> _Work required_
Leaving out pictures, output exactly the lines below from the one that has "method가 하는 역할은" through the one that has "Danes smo izdelovali", and nothing else.

> _Provided data_
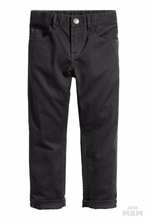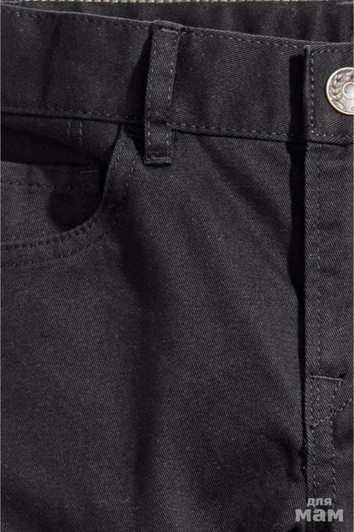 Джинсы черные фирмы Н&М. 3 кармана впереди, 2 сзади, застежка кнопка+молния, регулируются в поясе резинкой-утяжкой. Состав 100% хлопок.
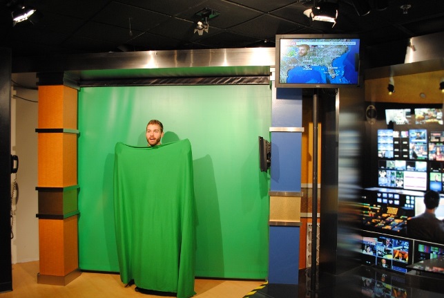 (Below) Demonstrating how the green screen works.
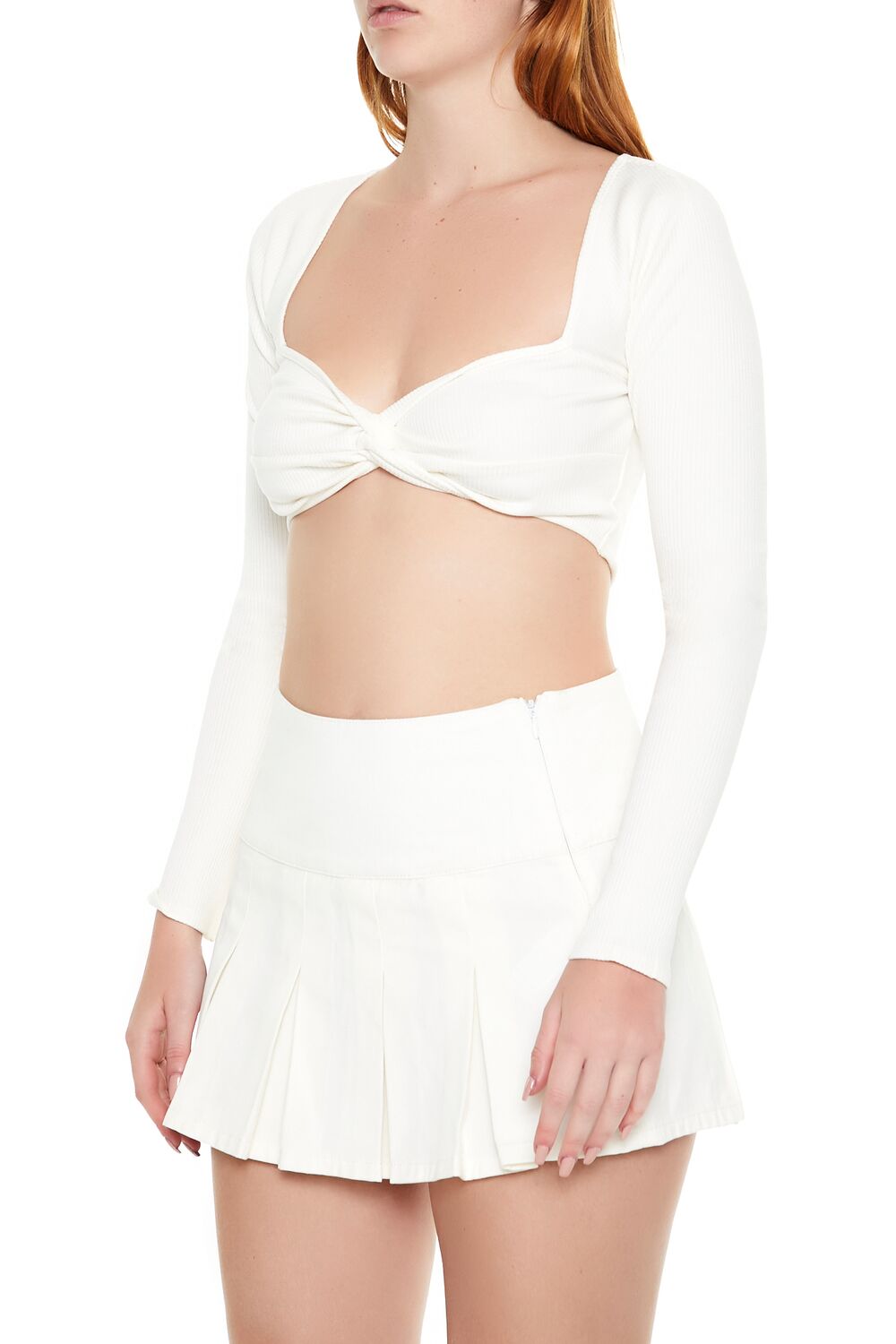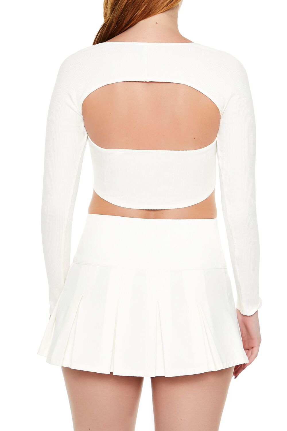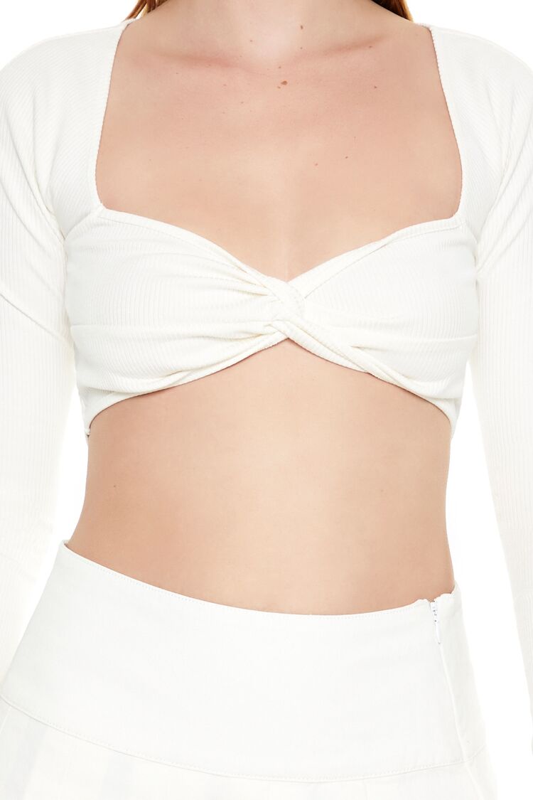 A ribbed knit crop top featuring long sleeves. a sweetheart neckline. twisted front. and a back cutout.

==

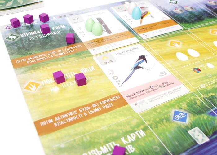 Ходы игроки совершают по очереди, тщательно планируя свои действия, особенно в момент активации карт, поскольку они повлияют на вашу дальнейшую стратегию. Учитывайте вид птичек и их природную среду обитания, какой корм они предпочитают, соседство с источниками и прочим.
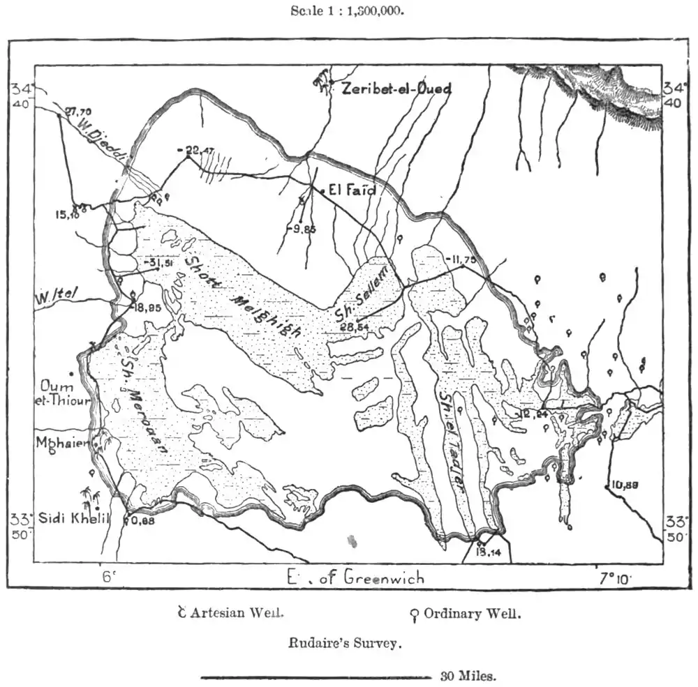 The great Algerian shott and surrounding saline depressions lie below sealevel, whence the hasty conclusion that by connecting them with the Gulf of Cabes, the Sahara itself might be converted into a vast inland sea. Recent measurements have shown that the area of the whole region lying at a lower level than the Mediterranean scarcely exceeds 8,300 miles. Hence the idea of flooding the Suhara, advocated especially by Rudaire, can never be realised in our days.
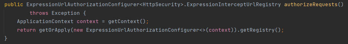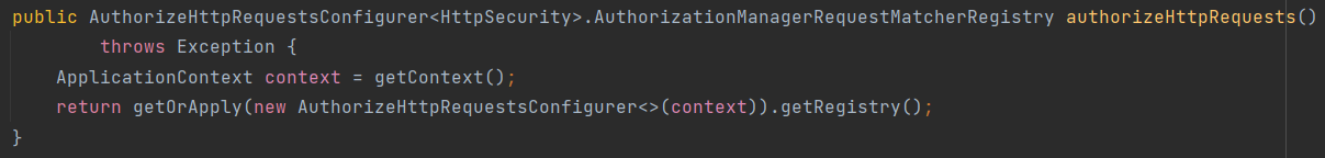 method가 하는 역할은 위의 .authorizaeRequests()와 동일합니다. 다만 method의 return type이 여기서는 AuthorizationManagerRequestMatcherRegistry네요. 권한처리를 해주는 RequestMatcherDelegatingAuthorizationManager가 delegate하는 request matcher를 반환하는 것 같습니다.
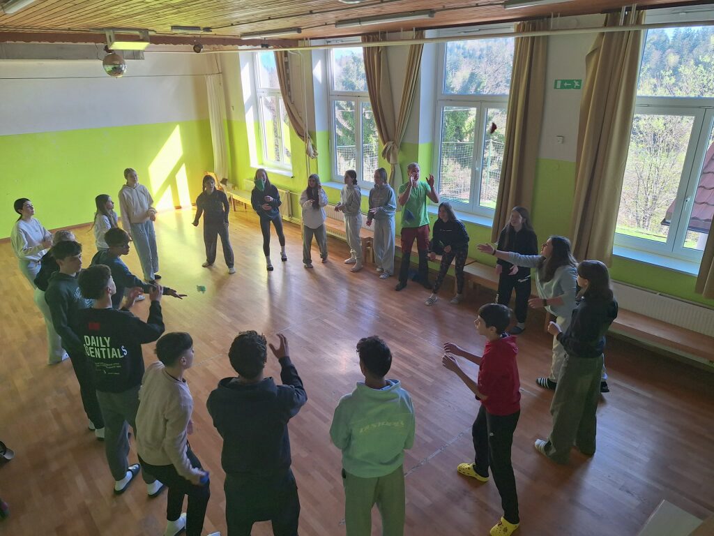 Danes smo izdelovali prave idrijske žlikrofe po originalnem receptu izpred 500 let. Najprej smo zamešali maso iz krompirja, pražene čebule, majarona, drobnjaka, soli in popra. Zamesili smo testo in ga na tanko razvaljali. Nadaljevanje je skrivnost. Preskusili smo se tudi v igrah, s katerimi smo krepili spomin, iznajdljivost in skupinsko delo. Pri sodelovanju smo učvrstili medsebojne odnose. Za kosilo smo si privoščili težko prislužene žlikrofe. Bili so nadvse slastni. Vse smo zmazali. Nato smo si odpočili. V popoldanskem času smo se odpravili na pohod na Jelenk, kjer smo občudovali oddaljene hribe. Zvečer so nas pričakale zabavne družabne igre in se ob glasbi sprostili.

> _Exercise solution_
 method가 하는 역할은 위의 .authorizaeRequests()와 동일합니다. 다만 method의 return type이 여기서는 AuthorizationManagerRequestMatcherRegistry네요. 권한처리를 해주는 RequestMatcherDelegatingAuthorizationManager가 delegate하는 request matcher를 반환하는 것 같습니다.
 Danes smo izdelovali prave idrijske žlikrofe po originalnem receptu izpred 500 let. Najprej smo zamešali maso iz krompirja, pražene čebule, majarona, drobnjaka, soli in popra. Zamesili smo testo in ga na tanko razvaljali. Nadaljevanje je skrivnost. Preskusili smo se tudi v igrah, s katerimi smo krepili spomin, iznajdljivost in skupinsko delo. Pri sodelovanju smo učvrstili medsebojne odnose. Za kosilo smo si privoščili težko prislužene žlikrofe. Bili so nadvse slastni. Vse smo zmazali. Nato smo si odpočili. V popoldanskem času smo se odpravili na pohod na Jelenk, kjer smo občudovali oddaljene hribe. Zvečer so nas pričakale zabavne družabne igre in se ob glasbi sprostili.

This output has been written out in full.